If the Doha Round continues on its present track, future agricultural
trade rules are unlikely to be well-suited to support global policy
efforts to address food security and may potentially further fragment
efforts to develop effective global governance for food security."
Calling on WTO Members to redefine how food security is treated in multilateral
trade agreements, Olivier de Schutter, in his report, had said that
food security is presently treated under the WTO as the grounds for
exceptions for a very limited range of trade liberalization commitments.
"A more appropriate re-framing of agricultural trade rules would
explicitly recognize that market-determined outcomes do not necessarily
improve food security and that the purpose of agricultural trade rules
should be to facilitate food security-enhancing policies," even
though this may require limiting the pace of trade liberalization in
some sectors and/or granting States additional policy flexibility in
pursuit of internationally recognized food security objectives, he had
added.
WTO Members should preserve and create a range of flexibilities in the
Doha Round negotiations in order to ensure that the future international
trade regime operates in lock step with multilateral and national efforts
to address food insecurity, he had recommended.
In a letter to the Special Rapporteur rebutting his report, Lamy said
that he wished to take this opportunity to summarize where he agreed
and disagreed with the Special Rapporteur in three important areas:
the objective of food security in the WTO Agreement on Agriculture (AoA),
the role of trade in global food security, and the scope within WTO
rules to ensure that Members have access to flexible policy options
to achieve their food security objectives.
The letter, dated 14 December, and the WTO Secretariat's comments on
an earlier version of the rights expert's report have been posted on
the WTO's website.
In his letter to Olivier de Schutter, the Director-General said firstly
that he agreed with the rights expert that food security is an essential
policy objective for governments. Governments have a sovereign right
to pursue policies to achieve food security within their international
obligations. WTO Members have placed food security at the center of
both the Agreement on Agriculture (AoA) and the Doha Development Agenda
(DDA) negotiations.
Lamy said: "Food security is explicitly mentioned several times
in the AoA, is referenced in the Marrakesh Decision on measures concerning
the possible negative effects of the reform programme on net food importing
developing countries and is mentioned explicitly (or has led the positions
taken by Members) in several provisions of the December 2008 DDA draft
modalities on agriculture. I am convinced that WTO Members are fully
aware of the food security objective and, indeed, that it is integral
to their negotiating strategy."
Secondly, Lamy said that he fundamentally disagreed with the Special
Rapporteur's assertion that countries need to limit reliance on international
trade to achieve food security objectives. "On the contrary, there
is agreement among most UN-led experts that international trade is part
of the package of solutions to achieve food security. The UN High Level
Task Force on the Global Food Security Crisis in their 2010 Updated
Comprehensive Framework for Action noted that 'more liberalized international
markets would contribute to global food and nutrition security through
increased trade volumes and access to diverse sources of food imports.'"

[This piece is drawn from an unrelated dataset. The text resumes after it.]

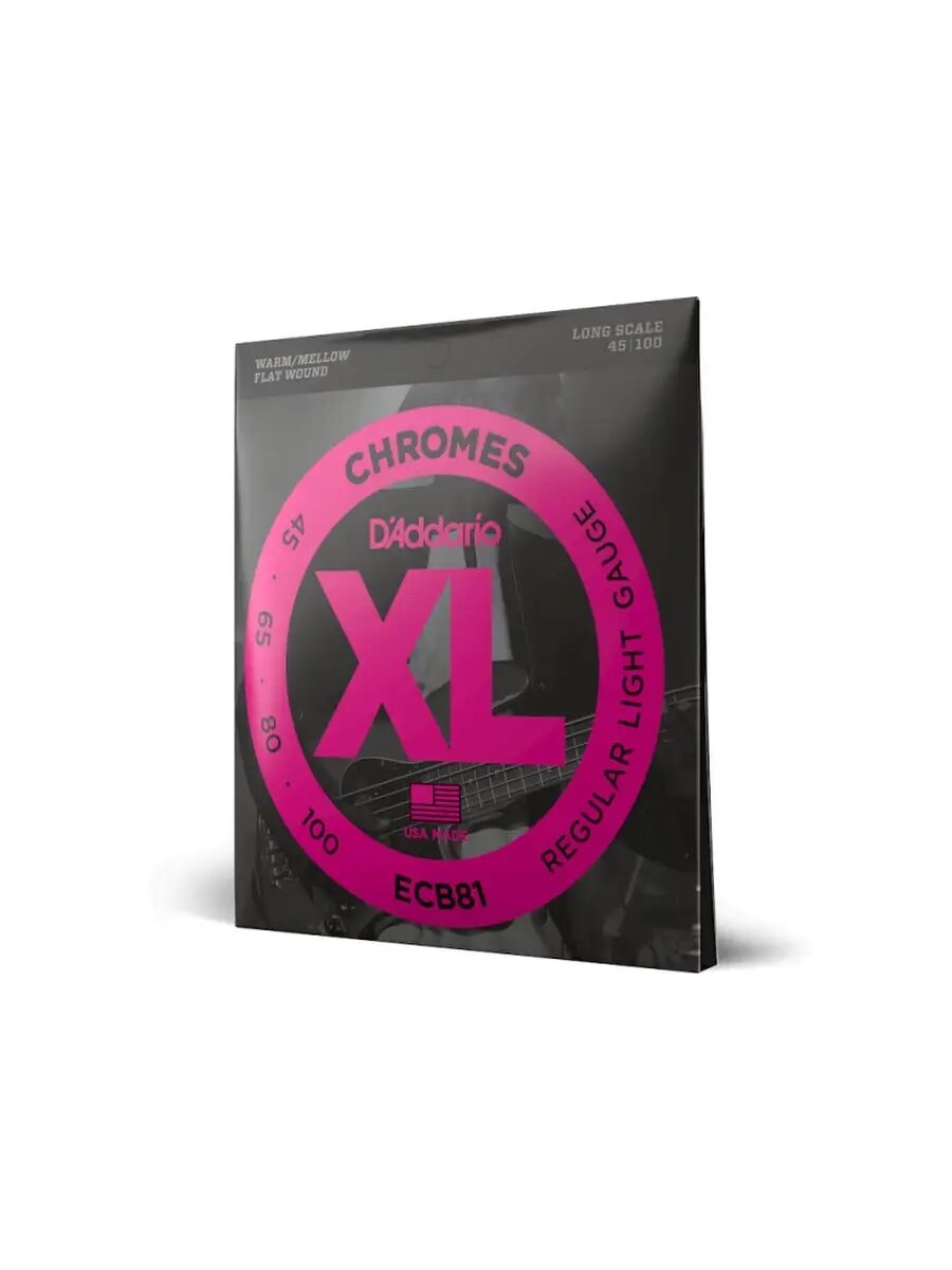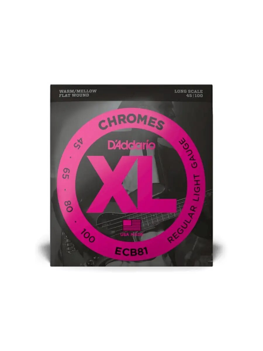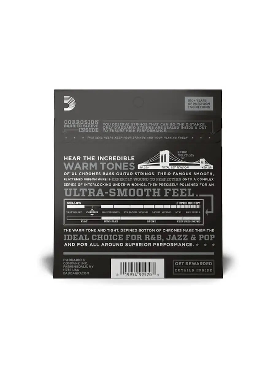 Струны D'Addario серии Chromes Bass выполняются в обмотке из плоской нержавеющей стальной ленты, отполированной до создания невероятно гладкой поверхности. Струны D'Addario Chromes обеспечивают отчетливо демпфированное, но богатое тонами звучание, характерное только для струн с плоской обмоткой и являются самыми популярными в мире струнами с плоской обмоткой.

Lamy agreed with the rights expert that the current state of global
food security requires policies that encourage and strengthen investment
in agriculture, and ensure appropriate safety nets for urban and rural
poor. Current WTO rules in agriculture and possible outcomes from the
DDA allow policy space and flexibility in these areas. Hence, the Agreement
on Agriculture leaves developing countries broad room to implement measures
to achieve their national objectives, including food security, notably
through Green Box support and Article 6.2 development programmes.
"As you rightly mention, the Doha Round would further increase
this flexibility by relaxing some of the Green Box criteria to make
it easier to use by developing countries, for example, on public stockholdings
for food security purposes."
On the other hand, Lamy questioned the report's recommendations on interventions
aimed at insulating domestic from international markets.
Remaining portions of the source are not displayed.